The first four types of documents in the following list may be kept with the title deeds, or they may have been discarded. Any of the documents listed may contain information that is useful to the investigation of a boundary, but reliable information in a conveyance deed will always take precedence over the information sources below.

  1. Local searches
    Searches are made of the local authority as part of the house buying or conveyancing process. These sometimes reveal useful information concerning boundaries, rights of way, easements and wayleaves.
     
  2. Sellers Property Information Form
    This is the form the vendor prepares in response to questions from the purchaser's conveyancing solicitor (from 2007 every vendor will have to commission a Home Information Pack in order to sell a house). If the conveyance deed gives no information regarding ownership of the features on a particular boundary (or right of way or some other facet of the land), then it is possible that the vendor's statements on this form will clarify matters.
     
  3. Sales plans
    Occasionally, and more often in the case of a sale by auction, there is a sales plan included in the marketing material for the property. These might contain additional information not found in the conveyance plan, but they should be used with caution as they are very often an adaptation of an Ordnance Survey map (ie, a map not drawn as a property map but as a map of physical features that may not represent property boundaries). In any case, they would normally be superseded by the conveyance plan.
     
  4. Planning drawings
    Sometimes these identify a property boundary. However, it must be remembered that the purpose of these drawings is to convince a council planning department of the appropriateness of a proposed development (eg. a new house, or an extension or a garage) and that the development conforms to building regulations. If the drawing shows a boundary then that boundary is either a physical feature (which may not be a boundary) or is the then owner's estimate of the position of the boundary: either of these might be in error. Further, it is a drawing of what was proposed, and what has actually been built may differ in size and in position from what was drawn.
     
  5. Published maps
    Because published maps carry a publication date it is tempting to use them to prove whether or not a physical feature stood in a particular position at the date of publication. A few words of warning:
    - Ordnance Survey's "new editions" are maps that have been fully perambulated by their surveyors and you can be confident that something shown on the map was present on the ground and something omitted from the map was not present at the date of publication (strictly speaking, at the date of survey, which is usually at least one year prior to publication). You should be able to rely on the OS County Series maps, and for those National Grid series maps that are new editions, ie. that have an edition letter such as < A > or < B >.
    - If the edition letter has bars and stars appended, such as < B* > then it has not been fully perambulated and there is no guarantee that it is truly current at issue date.
    - Ordnance Survey's digital maps, such as Land-Line®, Superplan® and Superplan Data®, are issued containing the "latest available survey information". This means they may contain information that was surveyed only 48 hours prior to issue, but it does not mean that the map you buy has been fully perambulated and there is no guarantee that the map is truly current at date of issue.
    - Ordnance Survey maps are subject to minor inaccuracies (see what I have written on the Ordnance Survey Accuracy Statement).
    - Ordnance Survey maps are evidence of the existence or otherwise of physical features. Their evidence is open to some interpretation as to exactly what features are represented by the lines on the map.
    - The physical features shown on the map are not necessarily boundary lines.

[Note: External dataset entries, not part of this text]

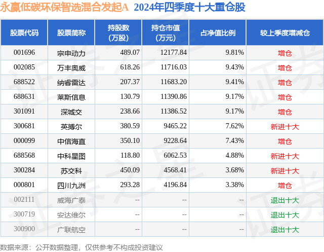 永赢低碳环保智选混合发起A的前十大重仓股如下:
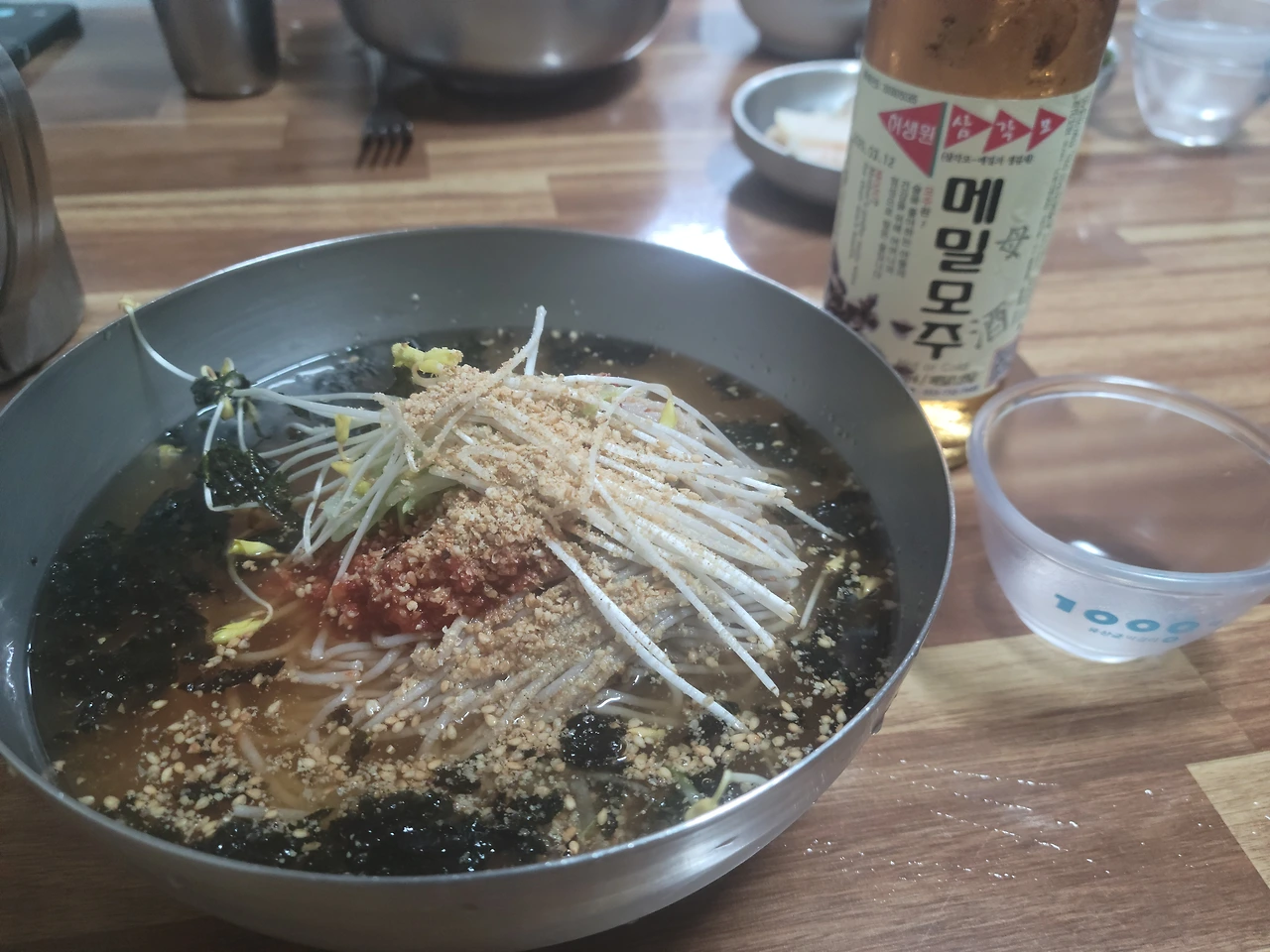 점심은 다시 시장 근처로 돌아와 "현대막국수"에서 먹었다. 메밀면 100%라고 하여 기대를 했는데, 확실히 일반 족발집에서 먹는 막국수와 맛은 달랐지만 그것이 더 입에 맞았는지는 모르겠다. 당면 같은 찰기가 아예 없고 면이 조금 거친 느낌이긴 했음. 다만 여기도 "모주"라는 걸 팔길래 설마 전주 모주랑 비슷한 건가 시켜봤는데, 훨씬 맛있었다. 도수도 11도면 나쁘지 않죠. 이게 술이지~
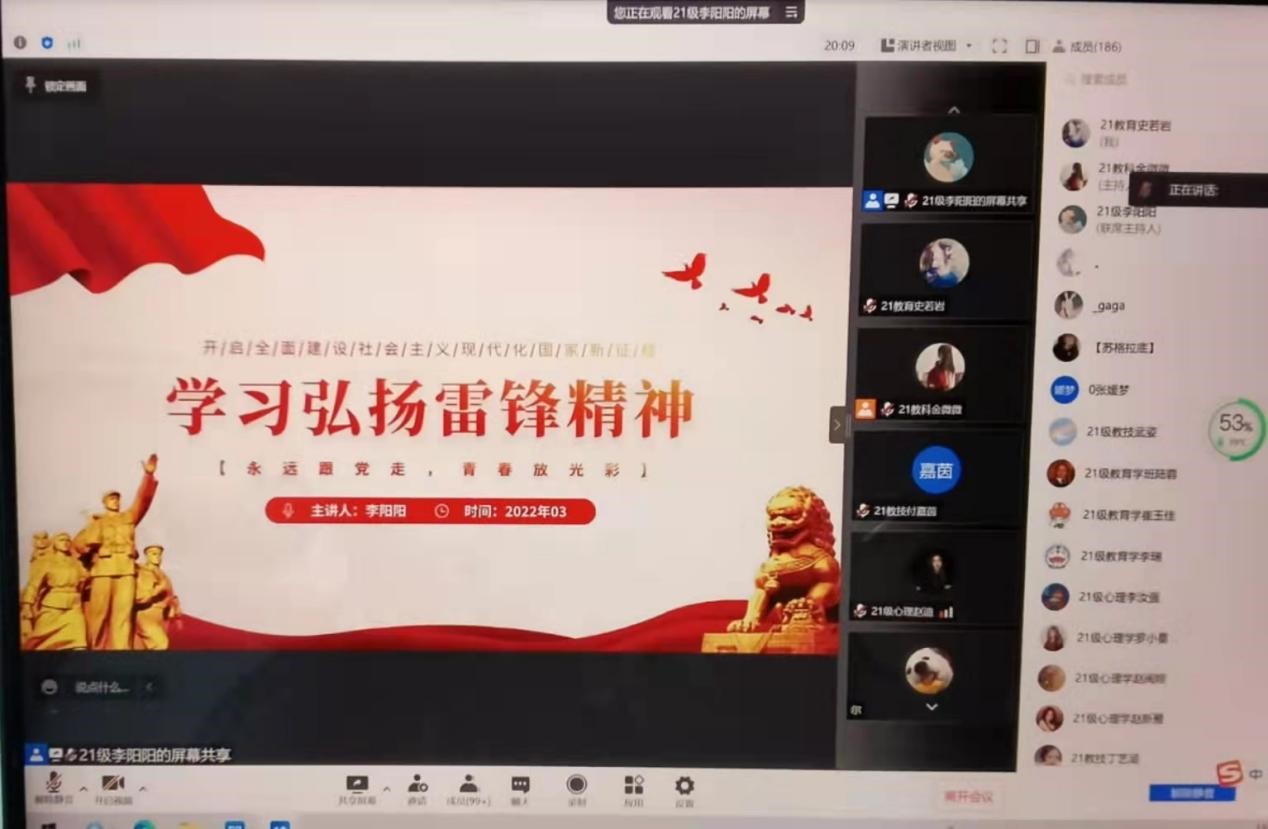 时间:2022-03-30 15:47:39 来源:教科院新闻部 作者:马玉娇 朱亚彤 阅读: 次为贯彻落实习近平总书记关于学习雷锋精神和开展志愿服务工作的重要指示精神,进一步弘扬雷锋精神和志愿服务精神,3月15日至3月25日期间,beat365英国官网网站各班级团支部通过观看主题影片、利用腾讯会议召开主题团课、“学习雷锋精神”专题座谈会等形式陆续开展“学雷锋·树新风”主题团日活动。
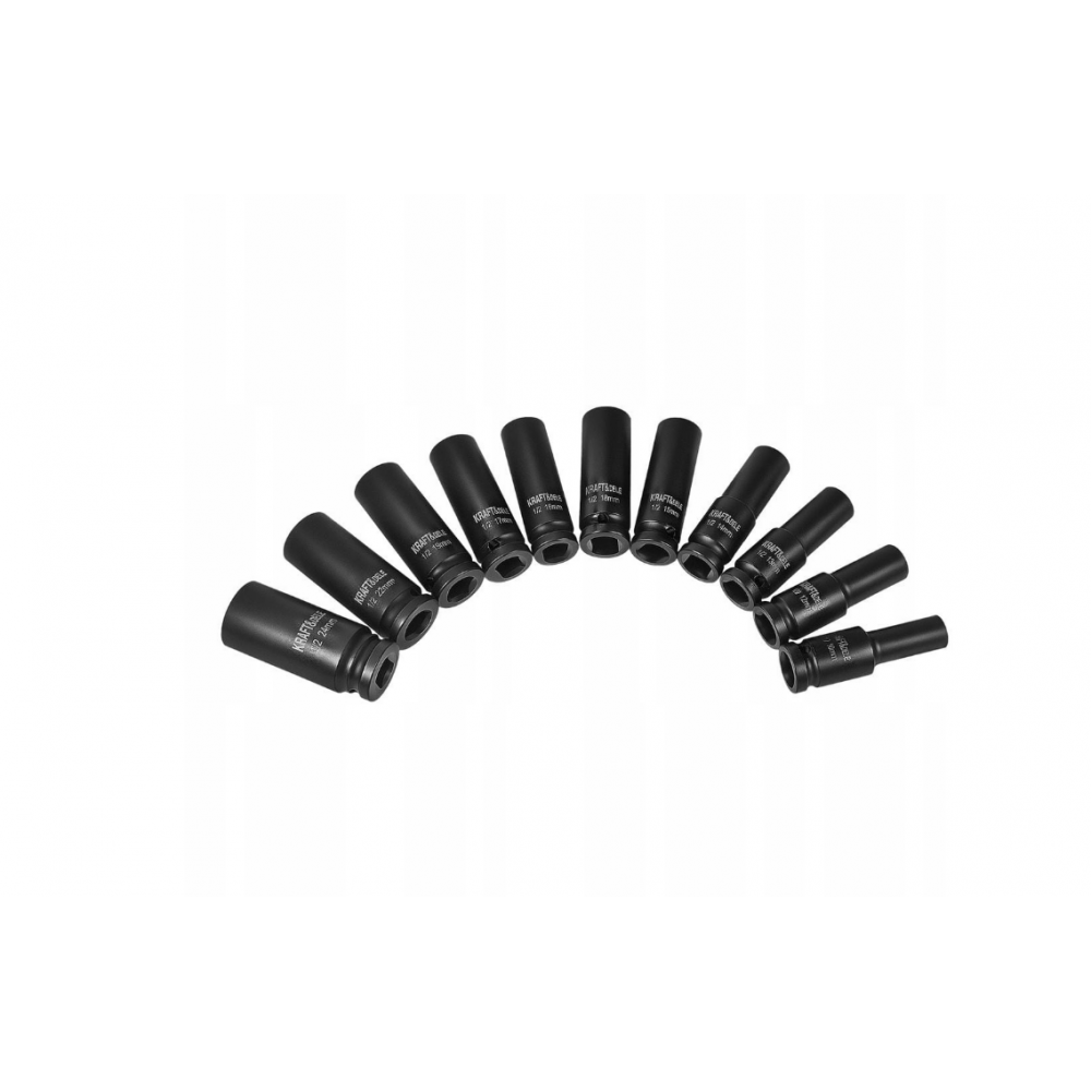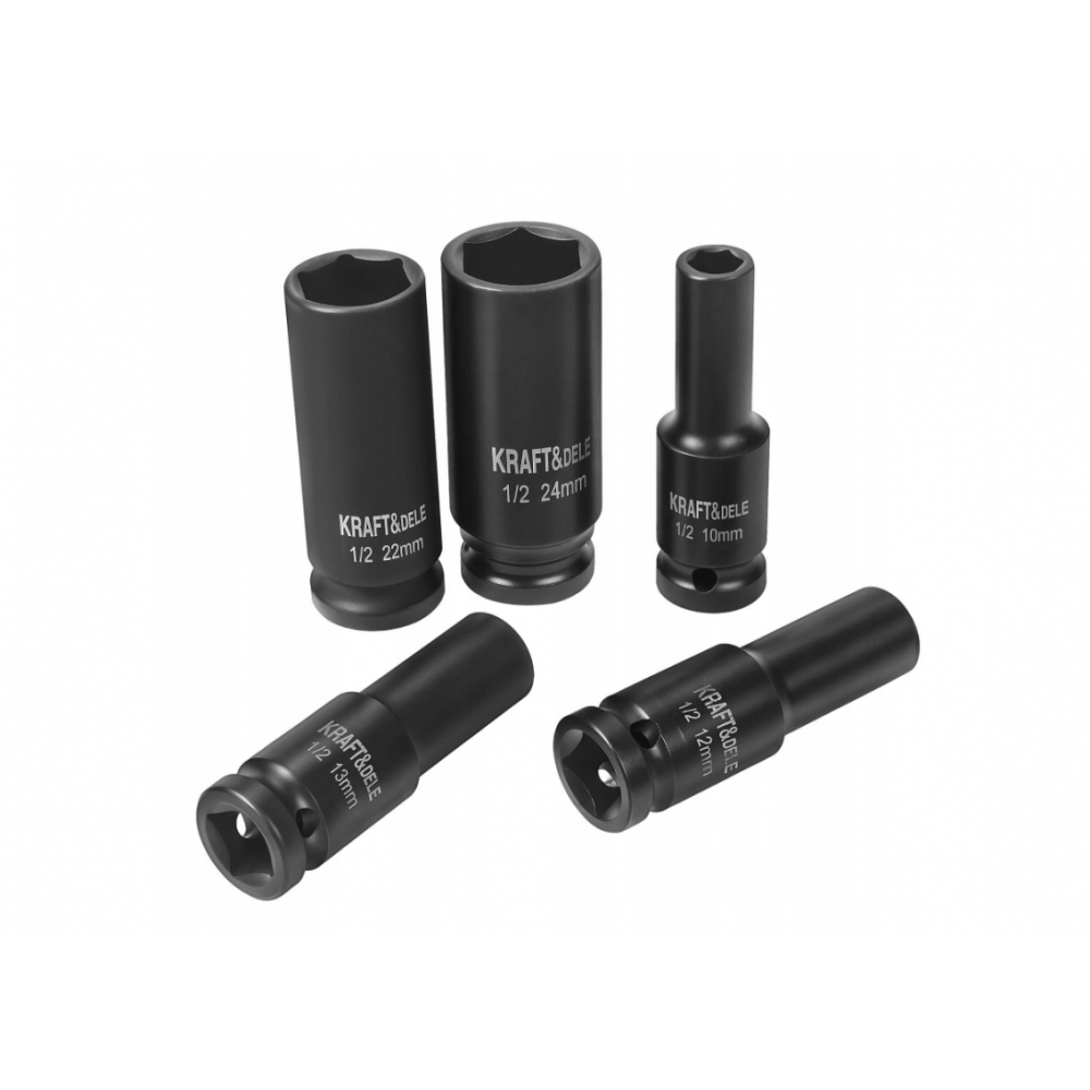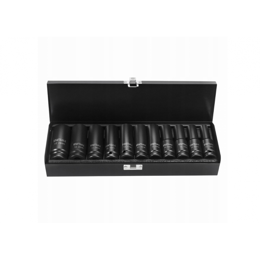 Profesionāls triecienatslēgu komplekts no KRAFT&DELE, kas ir ideāli piemērots darbam ar pneimatiskajiem un elektriskajiem triecienatslēgām. Komplektā ietilpst 11 populārākie izmēri, padarot to ideāli piemērotu gan autoservisiem, gan garāžu remontam. Uzgaļi ir izgatavoti no izturīga hroma-molibdēna (Cr-Mo) tērauda, kas ir izturīgs pret lielām slodzēm un intensīvu lietošanu.
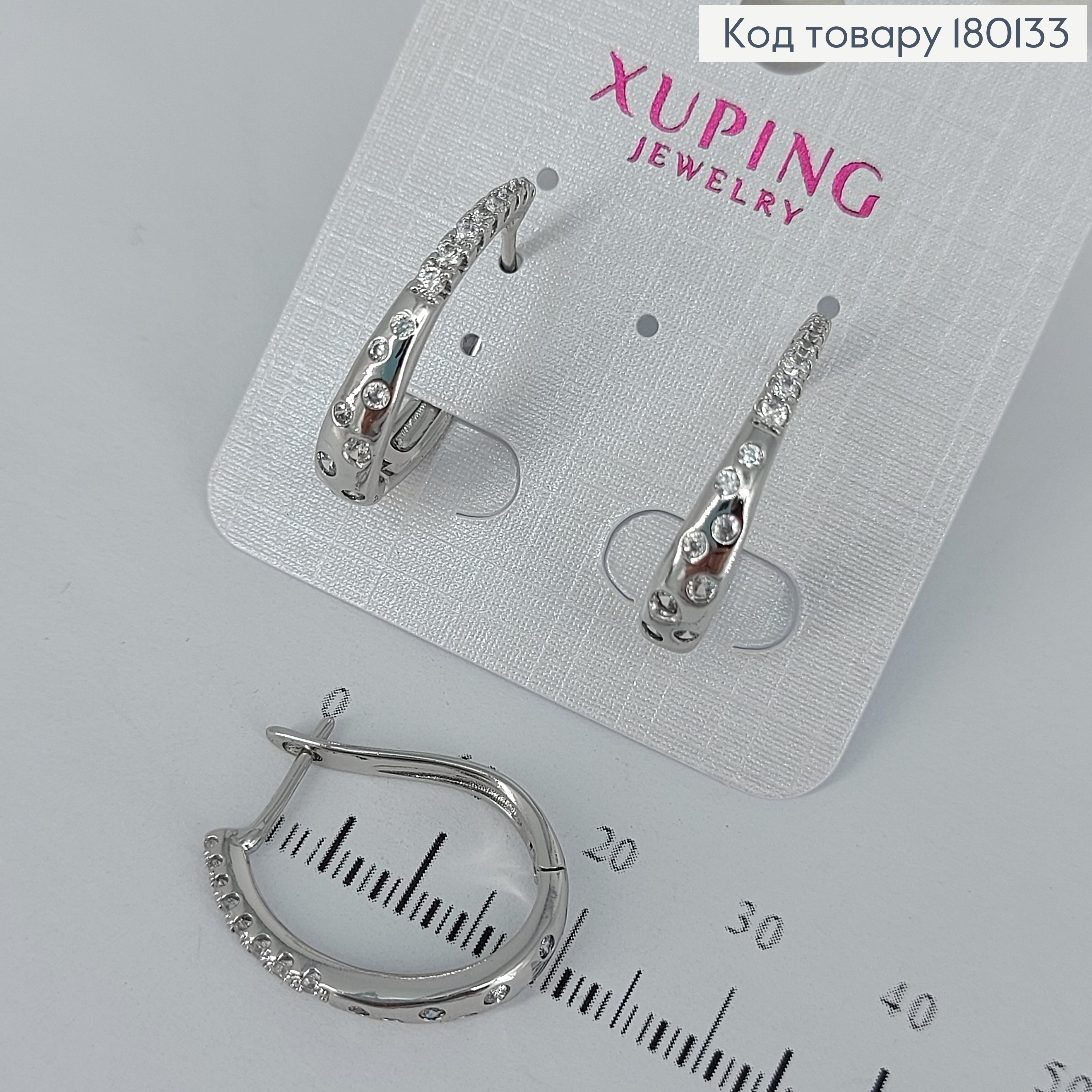 Серьги родованные "Блеск" украшены Блестящими камешками, 1,9см, английская застежка, Xuping 181961 фото
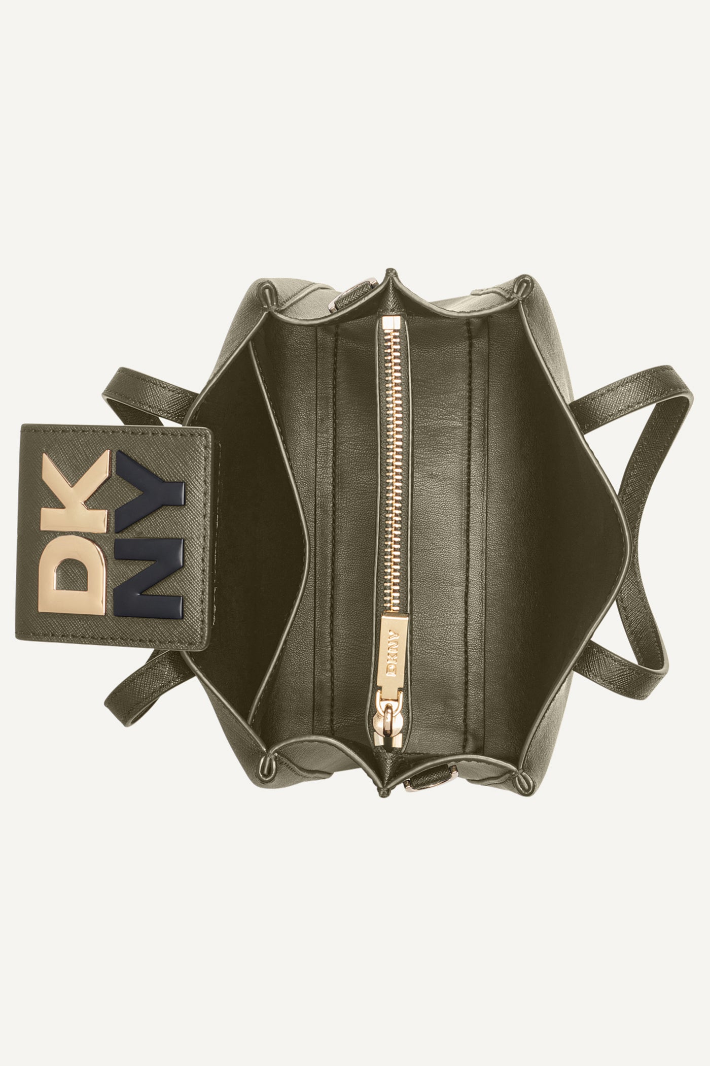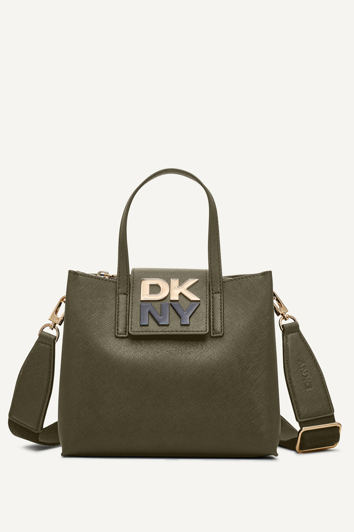 Make a bold style statement with the DKNY FAYE SMALL SATCHEL. This accessory features a prominent metallic logo plate, combining luxury and functionality. Perfect for elevating casual or dressy looks with effortless sophistication and contemporary edge.
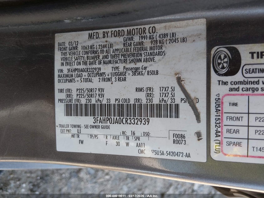 • 3FAHP0JA0CR332939
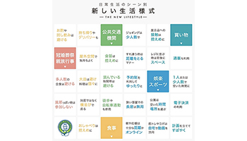新しい生活様式として、「買い物は計画を立ててすばやく」「飲食は持ち帰りやデリバリーも」「娯楽・スポーツは予約制を利用してゆったりと」など、「計画性」を重視する項目が挙げられている
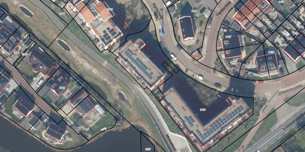 Het adres is gelegen op perceel 3399 in de sectie F en de kadastrale gemeente Monster. De kadastrale aanduiding is aldus MSR00-F-3399. Het perceel is 1035 m² groot. Dat is kleiner dan de gemiddelde perceeloppervlakte in Monster, dat op 1817,71 m² ligt. De grootste perceeloppervlakte in de kadastrale gemeente is 5,16 km². De kleinste oppervlakte bedraagt 0 m². Er zijn 16 adressen aanwezig op het perceel. De laatste wijziging in het de Basisregistratie Kadaster (BRK) was op 19-10-2021.

    Even when the OS map has been adopted as the conveyance plan, you should be careful in interpreting the position of the boundary from such a map. Do not simply scale distances from the map and then apply them to the ground. The accuracy limitations of the map are often equivalent to an error of between 0.4 m and 1.4 m on the ground. When attempting to measure distances on a map you will be hard pressed to obtain a precision of 0.1 mm (one tenth of a millimetre) and 0.25 mm is more realistic, which is equivalent to 0.625 m on the ground if you are scaling from a 1:2500 scale map.
    Also remember that the line on the map may be deliberately offset from the true position of the boundary, either to keep lines a minimum distance apart (for the sake of clarity) or, for example, because the line represents a hedge whilst the boundary is on the opposite rim of the accompanying but unmapped ditch. 
     
  6. Aerial photographs
    Vertical aerial photographs always carry a date and can be relied on, more than a map, to show you what was present on the day the photograph was taken. Like a map, aerial photographs will show only the physical features, not the position of the boundary. Aerial photographs may hold the answers to questions of historical usage of a disputed piece of land. Enlargements are needed if you are to be able to see enough detail, and expertise may be required to understand the rather unaccustomed vertical view, but interpretation is made easier by viewing in 3D the overlapping part of two adjacent photographs. Detail is often obscured by overhanging vegetation or in the shadows of tall structures such as buildings. Taking measurements from a vertical aerial photograph is possible: a land surveyor will be able to assess only approximate measurements, it takes an expensive photogrammetric operation to obtain any kind of precision.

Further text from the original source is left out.